Densely packed decimal (DPD) is a way to efficiently store decimal digits in binary. It stores three decimal digits (000 to 999) in 10 bits, which is much more efficient than naive BCD (which stores one digit in 4 bits).

Conversion table

DPD is designed to easily convert between the bits and the digits by simple pattern matching from top to bottom. Each bit pattern defines how many high digits (8-9) the number has, where they are, and how to move the bits to form the decimal representation.

The following is the conversion table from 10 bits of DPD to three decimal digits. Each decimal digit is represented as 4-bit binary (BCD). Both sides are written left to right from the most significant digit to the least.

Bits                 =>  Decimal         (Digit range)

a b c d e f 0 g h i  =>  0abc 0def 0ghi  (0-7) (0-7) (0-7)

a b c d e f 1 0 0 i  =>  0abc 0def 100i  (0–7) (0–7) (8–9)
a b c g h f 1 0 1 i  =>  0abc 100f 0ghi  (0–7) (8–9) (0–7)
g h c d e f 1 1 0 i  =>  100c 0def 0ghi  (8–9) (0–7) (0–7)

g h c 0 0 f 1 1 1 i  =>  100c 100f 0ghi  (8–9) (8–9) (0–7)
d e c 0 1 f 1 1 1 i  =>  100c 0def 100i  (8–9) (0–7) (8–9)
a b c 1 0 f 1 1 1 i  =>  0abc 100f 100i  (0–7) (8–9) (8–9)
x x c 1 1 f 1 1 1 i  =>  100c 100f 100i  (8–9) (8–9) (8–9)

Notations

  • The lowercase letters a to i are the bits that are copied to the decimal representation.
  • 0 and 1 are the exact bits in the input or output bit patterns.
  • x bits are ignored in the conversion.

Task

Build a logical circuit using two-input NAND gates to convert 10 bits of DPD to 12 bits of BCD.

Examples

Emphasized bits are the pattern-matching bits.

DPD                    Decimal  BCD
0 0 0 0 0 0 0 1 0 1    005      0000 0000 0101
            ^
0 0 0 1 1 0 0 0 1 1    063      0000 0110 0011
            ^
0 0 0 1 1 1 1 0 0 1    079      0000 0111 1001
            ^ ^ ^
0 0 0 0 0 1 1 0 1 0    090      0000 1001 0000
            ^ ^ ^
0 0 0 1 0 1 1 1 1 0    098      0000 1001 1000
      ^ ^   ^ ^ ^
1 0 1 0 1 1 1 0 1 0    592      0101 1001 0010
            ^ ^ ^
0 0 1 1 0 0 1 1 0 1    941      1001 0100 0001
            ^ ^ ^
1 1 0 0 1 1 1 1 1 1    879      1000 0111 1001
      ^ ^   ^ ^ ^
1 1 1 0 0 0 1 1 1 0    986      1001 1000 0110
      ^ ^   ^ ^ ^
0 0 1 1 1 1 1 1 1 1    999      1001 1001 1001
      ^ ^   ^ ^ ^
1 1 1 1 1 1 1 1 1 1    999      1001 1001 1001
      ^ ^   ^ ^ ^

Scoring & winning criterion

The score is the number of two-input NAND gates used in your circuit. The lowest score wins.
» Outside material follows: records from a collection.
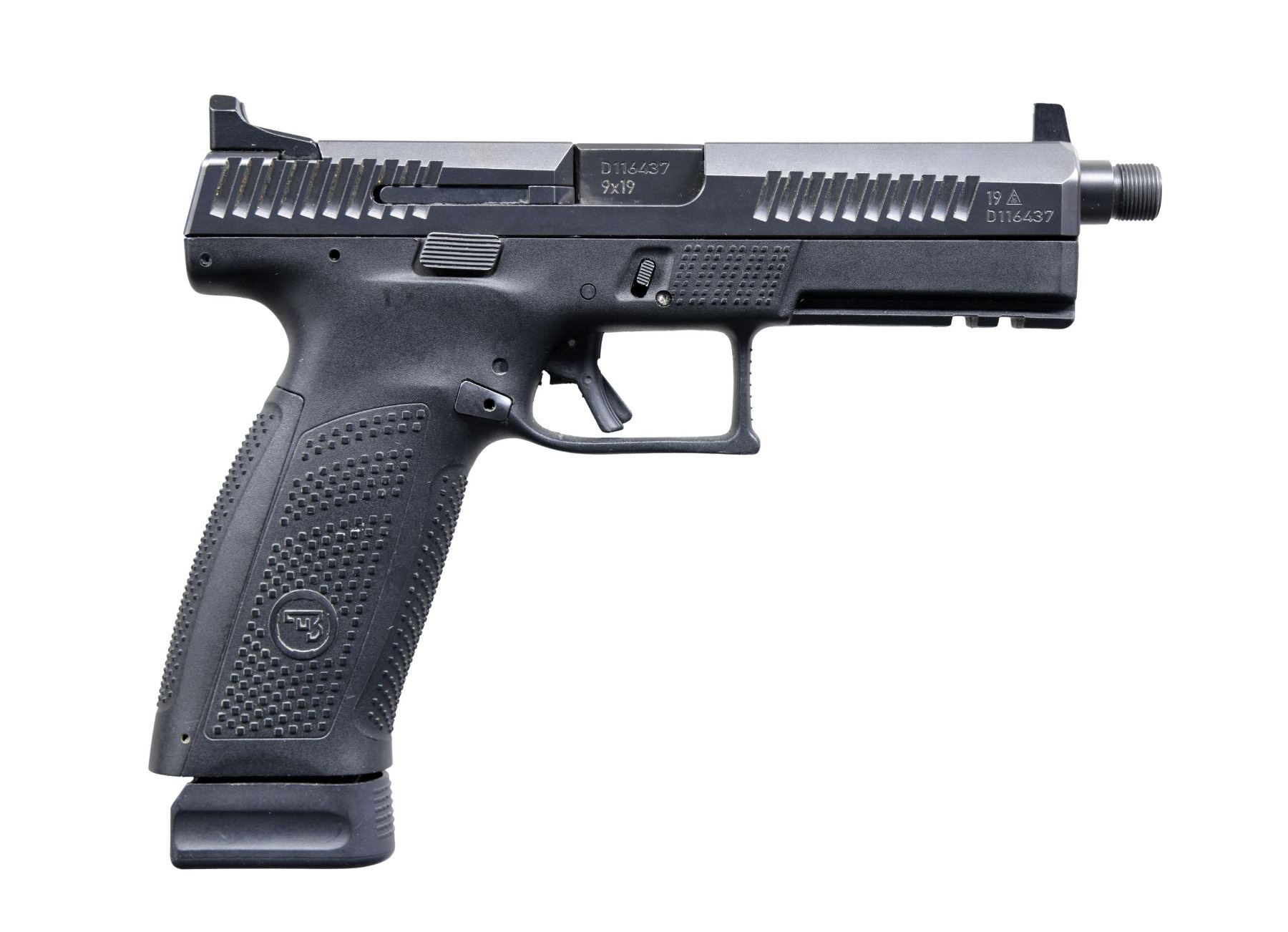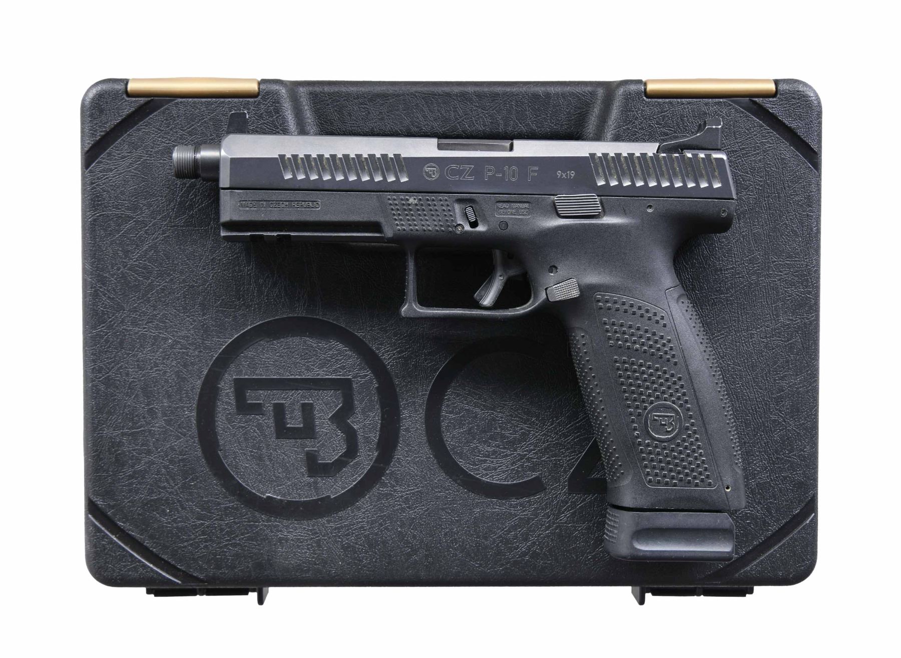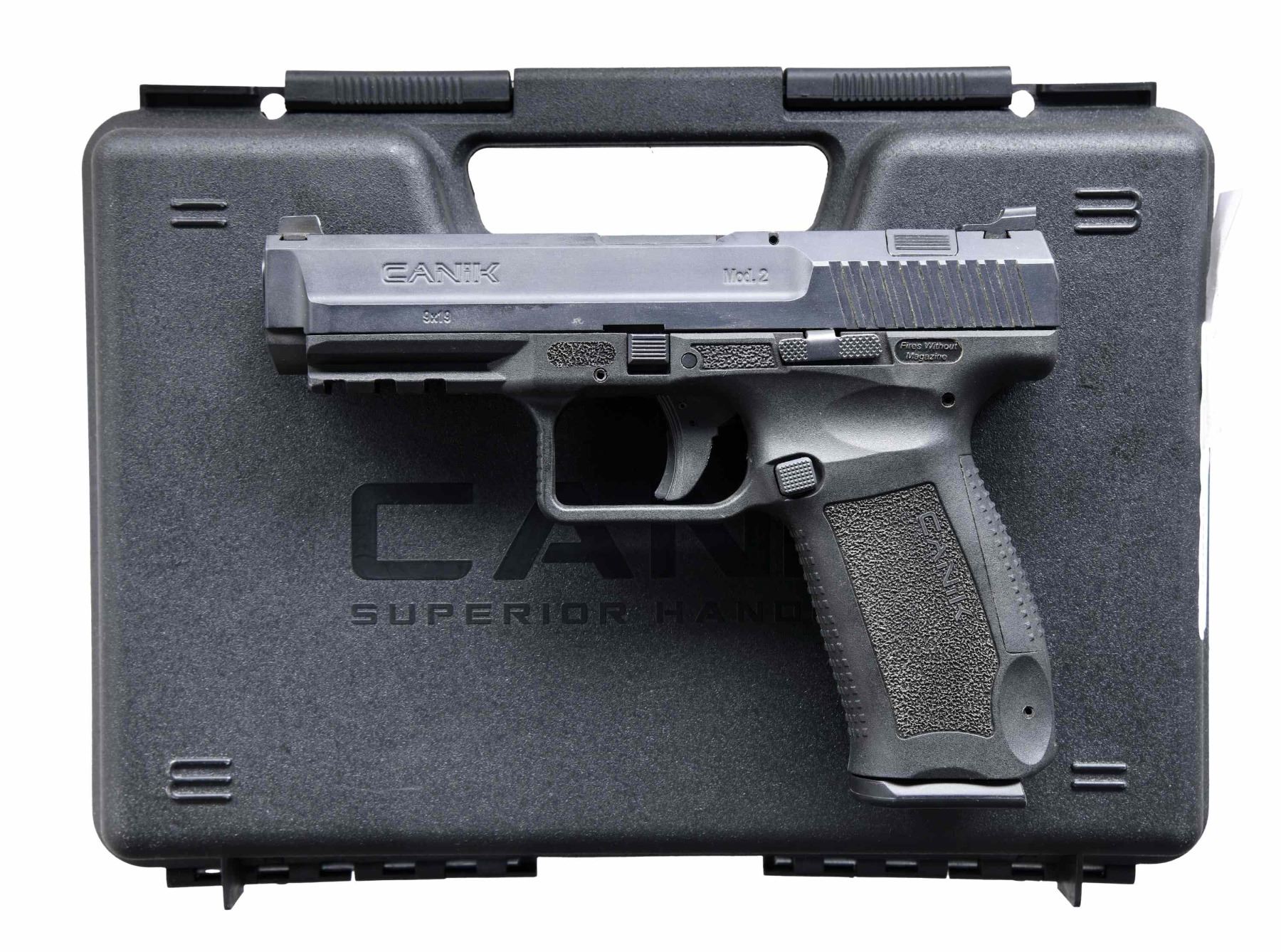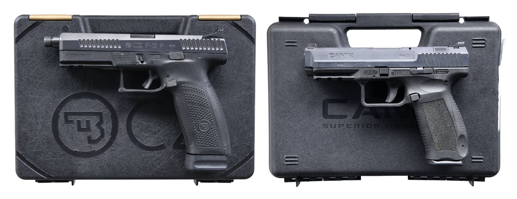 HARD CASES. 1) CZ MODEL P-10F. Cal. 9x19mm. S# D116437. Bbl. 5". Model P-10F semi-automatic pistol mfg. in the Czech Republic by CZ and imported by CZ-USA. Left side of the slide is marked with the CZ logo, followed by the model and cal. designations, with the S# marked on the right. Slide and threaded bbl. exhibit a blue finish. Textured black polymer frame. Raised white dot front sight with raised square notch rear sight. All serialized parts are matching and include the frame, slide, and bbl. MAGS: two 18-rd. UNATTACHED ACCESSORIES: Matching factory hard case. CONDITION: Good, with some spots of light to mild wear overall. Mirror bore, exhibiting some firing residue, while retaining strong rifling throughout. Frame shows a few scattered marks from handling and storage, but otherwise remains sturdy and serviceable. (24-7036/MLW). MODERN. 2) CANIK TP9SA MODEL 2. Cal. 9x19mm. S# 21AP18281. Bbl. 4 3/8". TP9SA Model 2 semi-automatic pistol mfg. in Turkey and imported by Century Arms. Left side of the slide is marked "CANIK" above the cal. designation, followed by "Mod.2", with the model designation, S#, and Century Arms' importer information marked on the right. Metal components exhibit a dull blue finish. Textured black polymer frame, featuring a picatinny rail, just forward of the trigger guard. White dot blade front sight with U-notch rear sight. All serialized parts are matching and include the frame, slide, and bbl. MAGS: two 18-rd. UNATTACHED ACCESSORIES: Matching black hard case, containing a black polymer holster and mag. loader. CONDITION: Very good, with metal components retaining the majority of their original factory finish, exhibiting some light surface oxidation and a few superficial handling marks overall. Mirror bore, exhibiting some spots of hardened firing residue, while retaining strong rifling throughout. Polymer frame shows a few light marks from handling and storage, but otherwise remains sturdy and serviceable. (24-7037/MLW). MODERN. $700-1,100.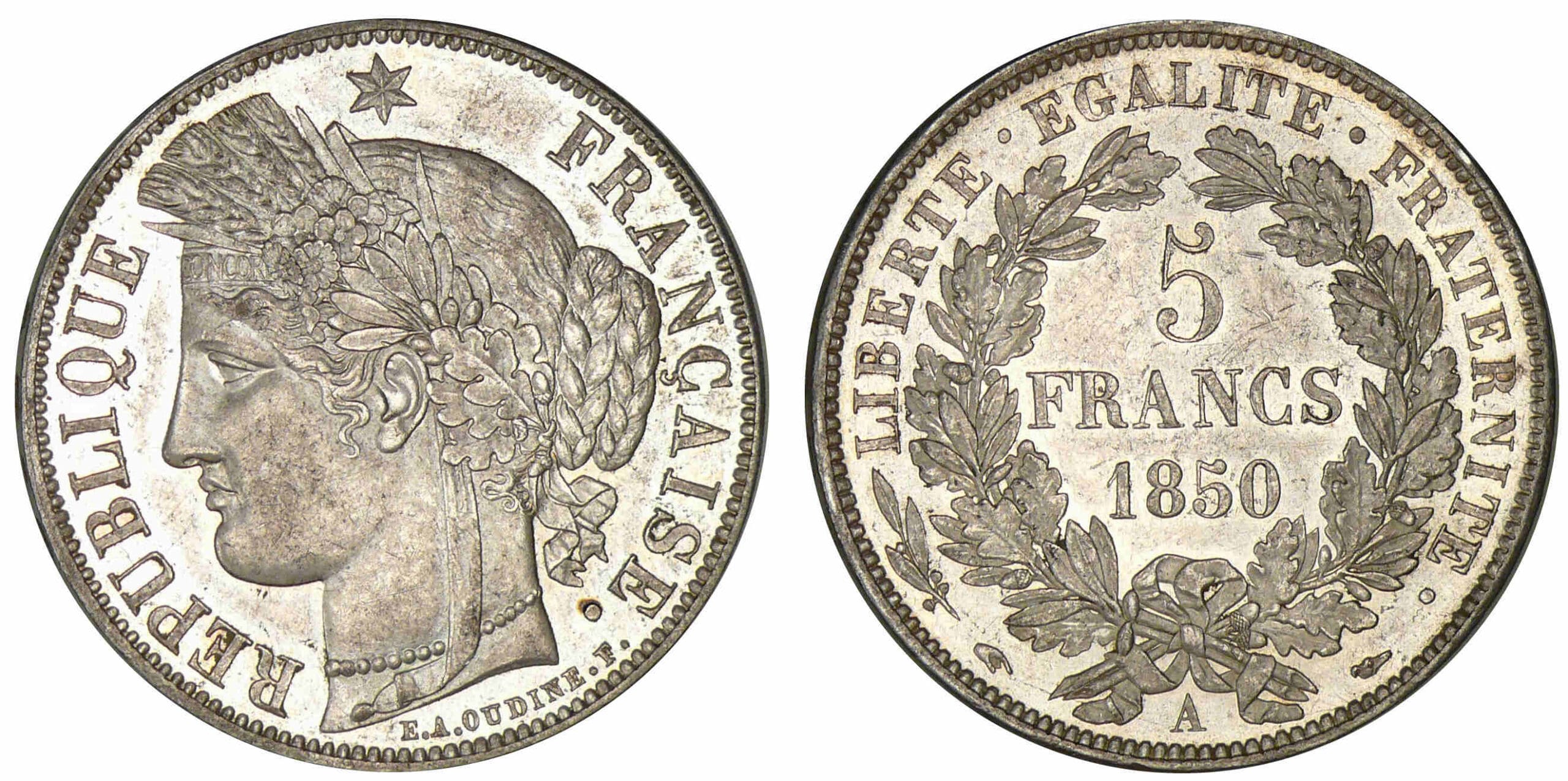 Revers : R/ (branche d’olivier) LIBERTE. EGALITE. FRATERNITE. / (atelier) / 5 / FRANCS / (millésime) dans une couronne.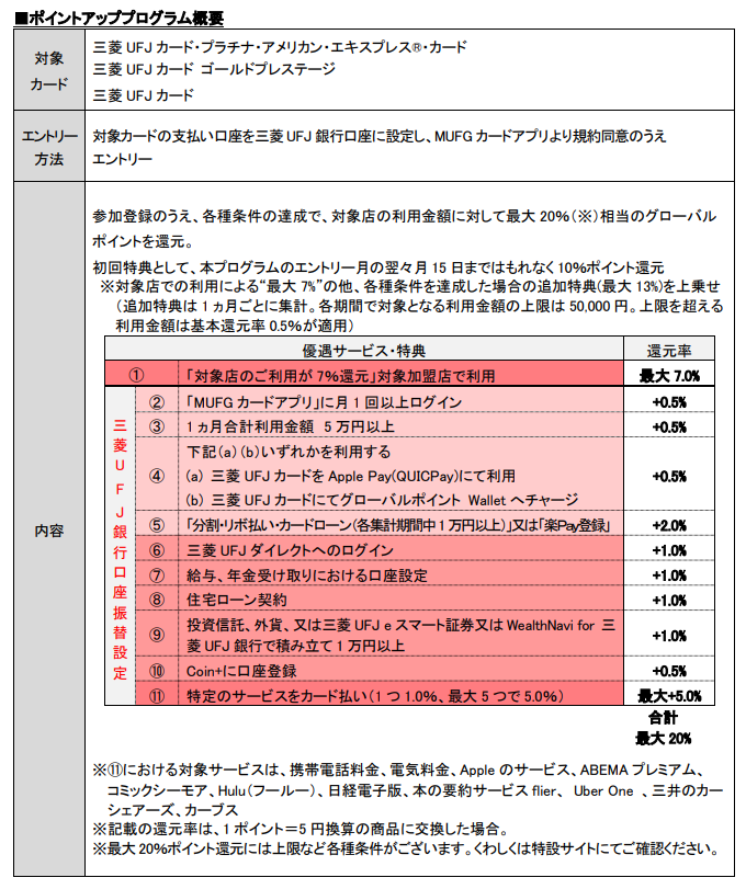 三菱UFJニコスはこの度、「三菱UFJカード」の個人会員向けに提供する、業界最高水準の最大20%還元の「ポイントアッププログラム」において、対象店ごとの利用金額で貯まるスペシャルポイントの算出方法を、全対象店の金額を合算する方式に改め、また、同時にポイント適用条件の最低利用額1,000円単位を廃止とし、10月16日以降の利用分から適用します。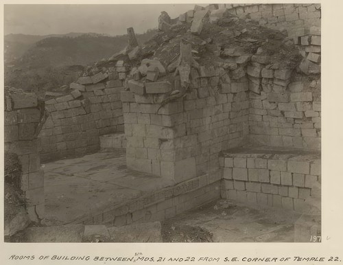 Rooms of building between 21A, Mounds 21 and 22 from southeast corner … Copan Album: Volume 3, Page 28; Written on page: "Rooms of building …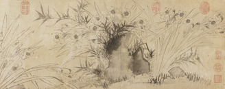 紙本墨画淡彩竹斎読書図〈伝周文筆/〉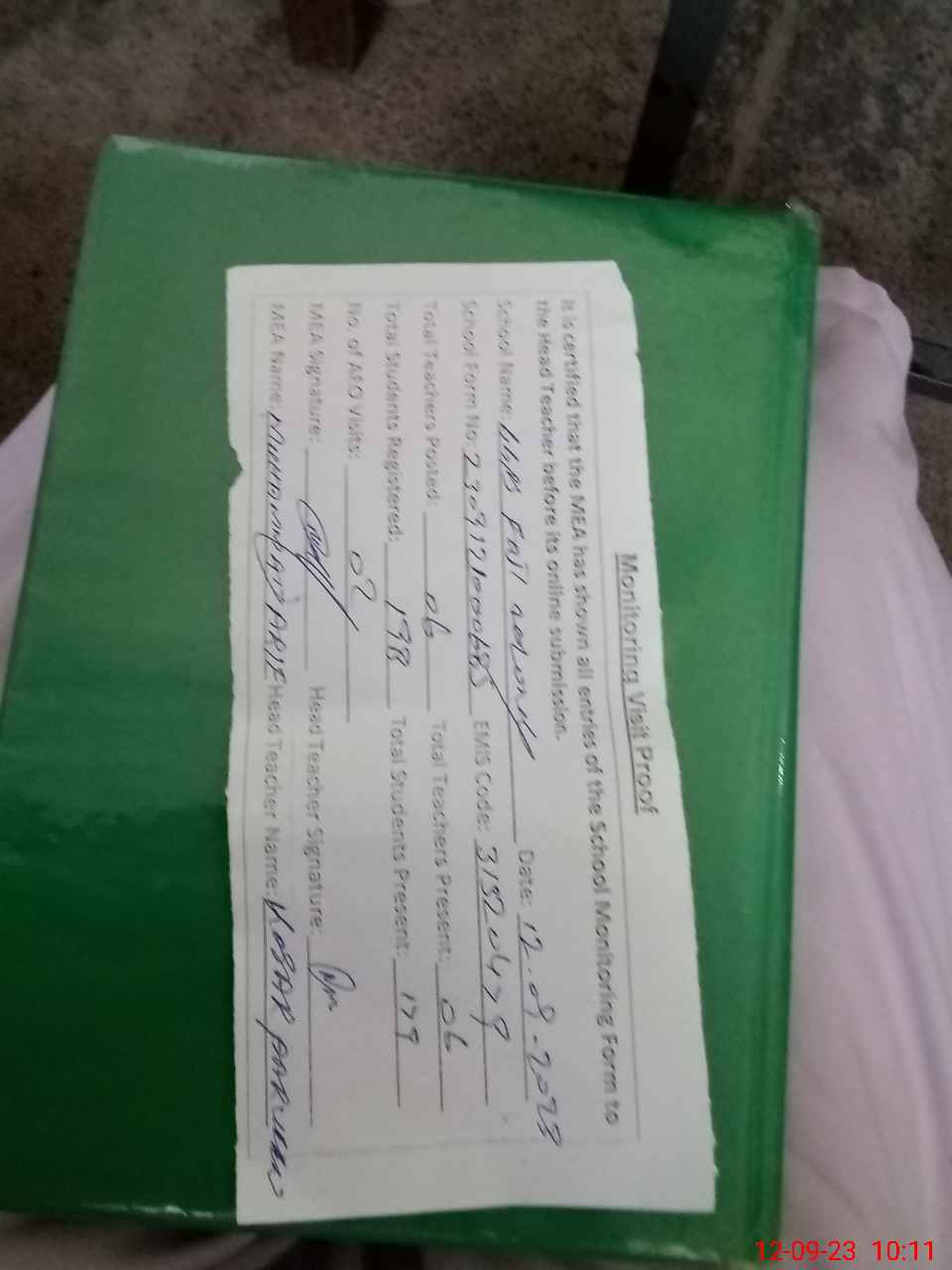 | Certified that this School was Inspected by the Undersigned MEA/DMO Today and the Information Stated Above is as Per Record. | |||||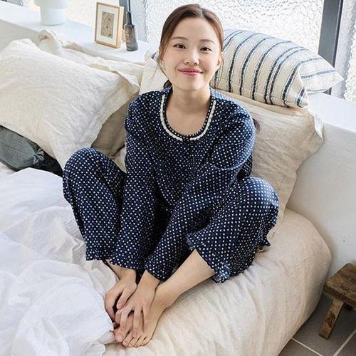 [알콩단잠]국내생산 여자잠옷 도트무늬 파자마 순면 홈웨어 라운지웨어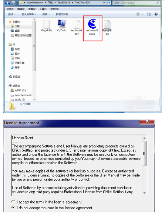 2.加压后,安装“Tex2Word20”,使用默认安装路径。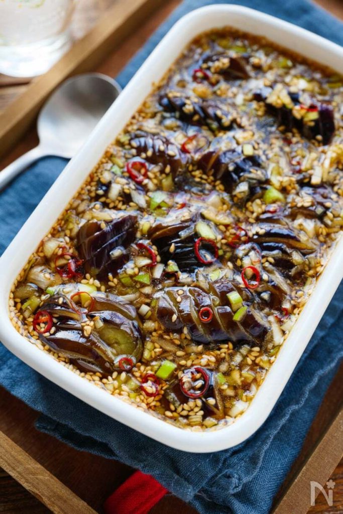 焼いて漬けるだけ!やみつき必至♡蛇腹なすの麻薬卵風ピリ辛漬け | レシピサイトNadia
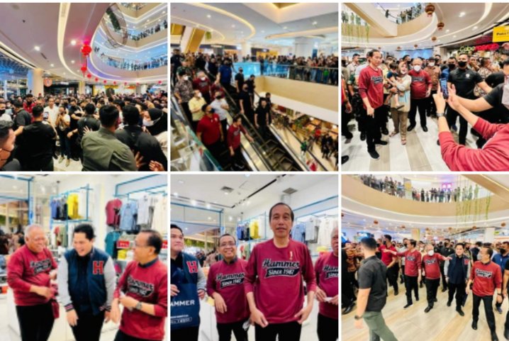 Tiba sekitar pukul 20.15 WIB, Presiden Jokowi didampingi Menteri Sekretaris Negara Pratikno, Menteri PUPR Basuki Hadimuljono, dan Menteri BUMN Erick Thohir langsung berjalan masuk untuk menyapa warga dan berswafoto di lantai dasar mal. Melihat antusiasme warga yang juga menyapa dari lantai atas, Presiden bersama para menteri pun kemudian naik menuju lantai 1 dengan menggunakan eskalator.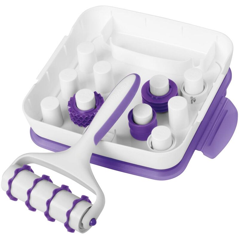 Este set te permite elegir tu propia combinación de diseño y crear tiras de fondant perfectamente uniformes de distintos tamaños y diseños. ¡Las tiras son ideales para hacer hermosos lazos, bordes, diseños a rayas y más!

You may define small components in terms of two-input NAND gates, and then use them in your final construction. If a component X includes N two-input NAND gates, each usage of X adds N to your score. For basic logic gates, this means:

  • NOT: +1
  • 2-input AND: +2
  • 2-input OR: +3
  • 2-input XOR: +4

Bubbler

Posted 2018-11-26T00:27:26.390

Reputation: 16 616

Rolled back Luis' edit because atomic-code-golf is a winning criterion tag and [tag:code-challenge] is for questions which have a winning criterion not covered by other tags.

– Peter Taylor – 2018-11-26T15:12:06.943

This is still unclear to me. I think there needs to be further description of what the letters a to i mean and the process of converting. Go through the steps, rather than just showing examples and hoping we understand from that. – mbomb007 – 2018-11-26T20:59:38.033

@mbomb007, maybe it's just clear to me because one of my languages is SML. That first code block is virtually a reference implementation in a pattern-matching language (although it works better in SMLNJ, which echos the result of each statement, than in MLton).

– Peter Taylor – 2018-11-26T22:36:55.900

@mbomb007 I tried to clarify the pattern-matching nature of the conversion table. Does it help? – Bubbler – 2018-11-27T00:04:12.383

1@Bubbler Yeah, that's helpful – mbomb007 – 2018-11-27T15:00:49.603

Answers

4

45 NANDs (or 43)

45 seems to be the absolute minimum, but it is possible to reach 43 NANDs by a trick: By assuming that the largest numbers are correctly encoded.

888, 889, 898, 899, 988, 989, 998, 999 are to be encoded with the 2 MSB as 00, requiring just 43 NANDs for decoding.

However, in the specification for decoding, they are specified to be ignored, meaning they can be anything. It is a reasonable assumption that this freer specification could require even fewer gates, but the opposite is true. 45 gates are required for this. This saving could give real benefits for real circuits.

I also found circuits that were significantly more efficient and faster, containing a few more gates.

No pencil drawn image of the circuit this time. Perhaps later.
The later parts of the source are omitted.